An emphasis on food safety practices at the farm level is growing. University of Wisconsin-Extension organic agriculture specialist Erin Silva discussed these practices and new federal regulations in a Nov. 12, 2015, lecture recorded for Wisconsin Public Television's University Place.

Farmers don't want their customers to get sick, and they don't want to be liable should a foodborne illness break out, Silva said. Meanwhile, growing competition means wholesalers are asking farmers for written food safety plans before allowing them access to produce auctions or grocery stores.

A food safety plan encompasses a farm's practices to ensure its products are safe and the presence of pathogens is minimized, said Silva, who is a professor in the Department of Plant Pathology at UW-Madison. Farmers choose to devise these plans, which do not involve anyone inspecting their operations.
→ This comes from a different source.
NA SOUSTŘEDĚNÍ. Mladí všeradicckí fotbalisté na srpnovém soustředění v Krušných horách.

Food buyers may have a plan template they want farmers to follow, though. The documentation buyers may request can take several forms, she said, including third-party audits.
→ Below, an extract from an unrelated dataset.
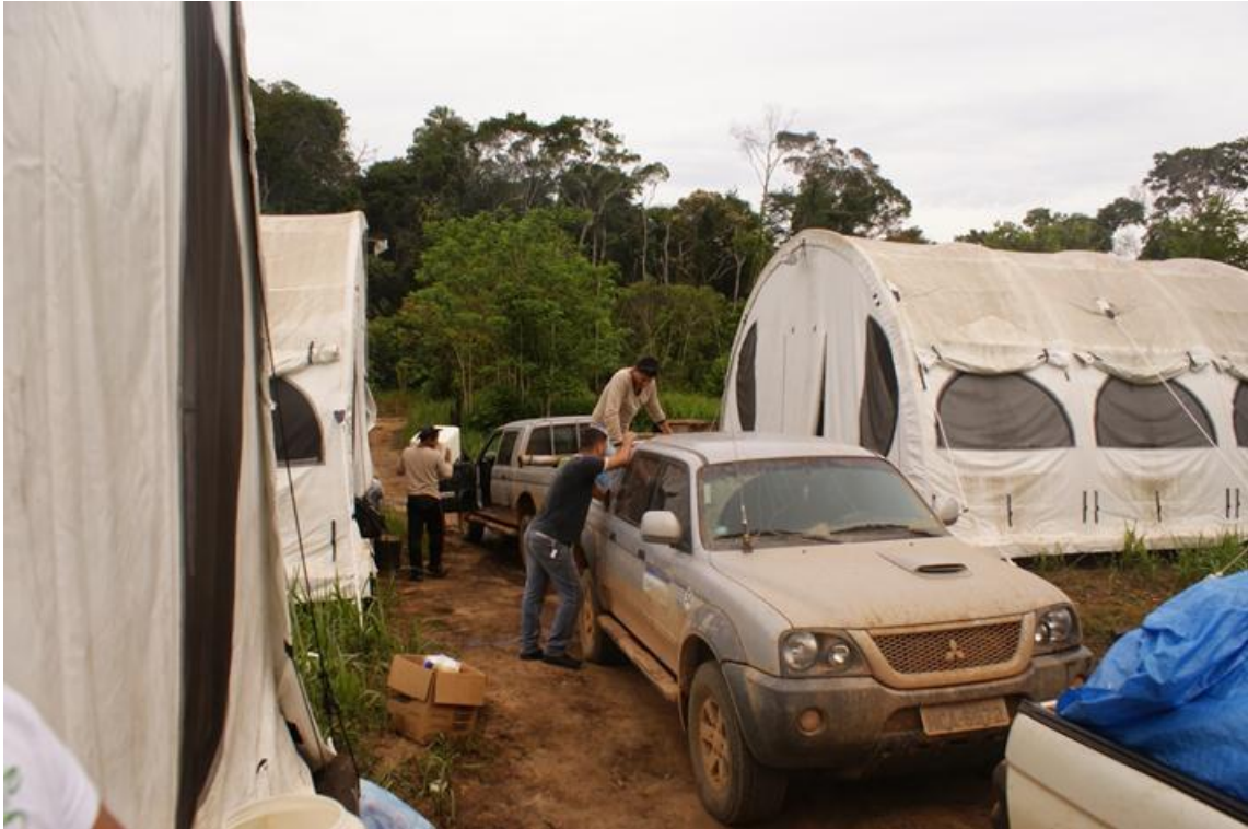
Figura 89. Chegada da equipe ao acampamento. Teotonio, 10/12/2010.

A third-party audit does involve someone coming to a farm to review its food safety plan and the practices it outlines, Silva said. Most farms pay for such an audit only when a buyer requires it.

"If farm[er]s are wanting to sell their produce to those specific buyers, they do need to be very diligent and very deliberate about establishing food safety plans and addressing food safety on their farm[s]," she said.

Farmers care about the public perception of their foods and about specific consumer sectors such as farmers' markets and institutional purchasers, Silva explained. The public is aware of foodborne illness outbreaks that can be traced to produce, which could be especially problematic for farms that sell directly through farmers' markets or community-supported agriculture systems.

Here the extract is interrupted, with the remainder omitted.